Blocage persistant au Conseil sur l'ouverture des négociations d'adhésion à l'UE avec la Macédoine du Nord et l’Albanie

Malgré les importants efforts déployés par le Portugal pour trouver un accord, la Bulgarie a une nouvelle fois empêché, mardi 22 juin, un accord à l'unanimité au Conseil 'Affaires générales' sur l’ouverture des négociations d’adhésion avec la Macédoine du Nord et, par ricochet, avec l’Albanie.

« Malgré tous les efforts, il n'a pas été possible de se mettre d'accord sur un cadre de négociation pour la Macédoine du Nord et l'Albanie et de tenir les premières conférences intergouvernementales avec ces deux pays », a souligné la secrétaire d’État portugaise Ana Paula Zacarias à l'issue du Conseil, tenu à Luxembourg.

Elle a annoncé que la Présidence slovène du Conseil de l'UE, dont le mandat commence le 1er juillet, poursuivrait les efforts pour un accord, espérant que les conférences intergouvernementales pourraient avoir lieu « aussi tôt que possible au cours du prochain trimestre ».

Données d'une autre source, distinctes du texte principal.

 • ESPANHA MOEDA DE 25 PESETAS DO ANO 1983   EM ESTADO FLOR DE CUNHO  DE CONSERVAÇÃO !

La situation de blocage perdure depuis des mois en raison d’un différend bilatéral entre Skopje et Sofia. Une source a dénoncé le « manque de responsabilité de certains États ».

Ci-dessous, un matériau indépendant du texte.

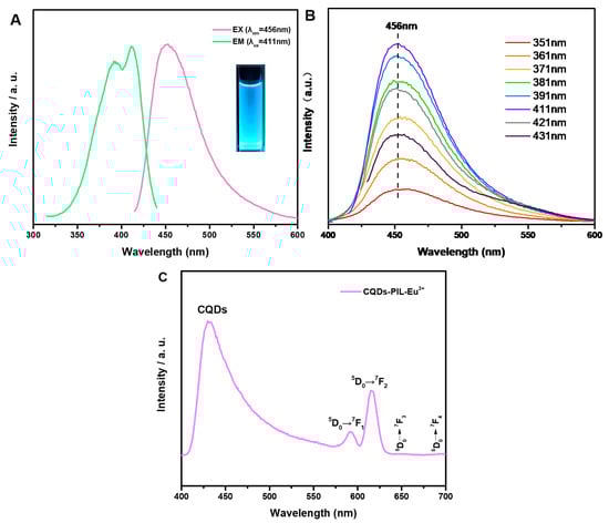 The fluorescence properties of excitation and emission spectra of CQDs are shown in Figure 4A, its optimal excitation and emission wavelengths were 411 nm and 456 nm, respectively, showing characteristic emission of blue light. Meanwhile, it displayed a bright blue fluorescence (Figure 4A illustration) under a 365 nm UV lamp, and the actual results were consistent with the theory. However, in contrast to general reports, CQDs synthesized by this method showed non-excitation dependence (Figure 4B), that is, with the increase in excitation wavelength (351–431 nm), the relative fluorescence intensity of the emission spectrum was first increased and then decreased, but the location of the optimal emission peak did not change [24]. Subsequently, Figure 4C reveals that the luminescence excitation and emission spectra of CQDS-PIL-Eu3+ were studied at room temperature when excited at 298 nm. Four narrow characteristic emission spectra exhibited the 4f→4f transitions of Eu3+ (5D0→7FJ, J = 1, 2, 3, 4), which were located at 594, 616, 653, and 695 nm, respectively. The most intense emission peak at 616 nm was ascribed to 5D0→7F2 transition, and it induced the red emissions. In addition, a characteristic emission of CQDs appeared at 440 nm, and the position of emission peak was slightly offset compared with pure CQDs, which again confirmed the successful combination of CQDs and PIL.

Le porte-parole de la représentation permanente de la Bulgarie auprès de l’UE, Dimitar Yaprakov, a précisé à EUROPE que son pays soutenait pleinement l'intégration européenne de tous les pays des Balkans occidentaux, « y compris la République de Macédoine du Nord », et qu’il consacrait « beaucoup de temps et d'efforts » à rétablir la confiance avec Skopje. « La Bulgarie insiste pour que la mise en œuvre de l'accord de voisinage par la République de Macédoine du Nord figure parmi les conditions du futur cadre de négociation pour l'adhésion de Skopje à l'UE », a-t-il expliqué. Selon M. Yaprakov, Sofia est ouverte à un dialogue constructif avec la prochaine Présidence slovène du Conseil de l’UE « afin de trouver des formulations acceptables pour le cadre de négociation ».

Selon une source européenne, lors du débat au Conseil, la Bulgarie a expliqué avoir des craintes pour son intégrité territoriale.

Le secrétaire d’État allemand Michael Roth n’a pas manqué de souligner publiquement son agacement face à la situation. « S'il vous plaît, laissez les questions bilatérales être traitées bilatéralement, sans bloquer l'ensemble de la progression. Pensons stratégiquement et réalisons que nous devons remplir nos obligations envers l'Albanie et la Macédoine du Nord maintenant et que nous n'avons aucun intérêt à y laisser un vide stratégique. Merci ! », a-t-il publié sur Twitter.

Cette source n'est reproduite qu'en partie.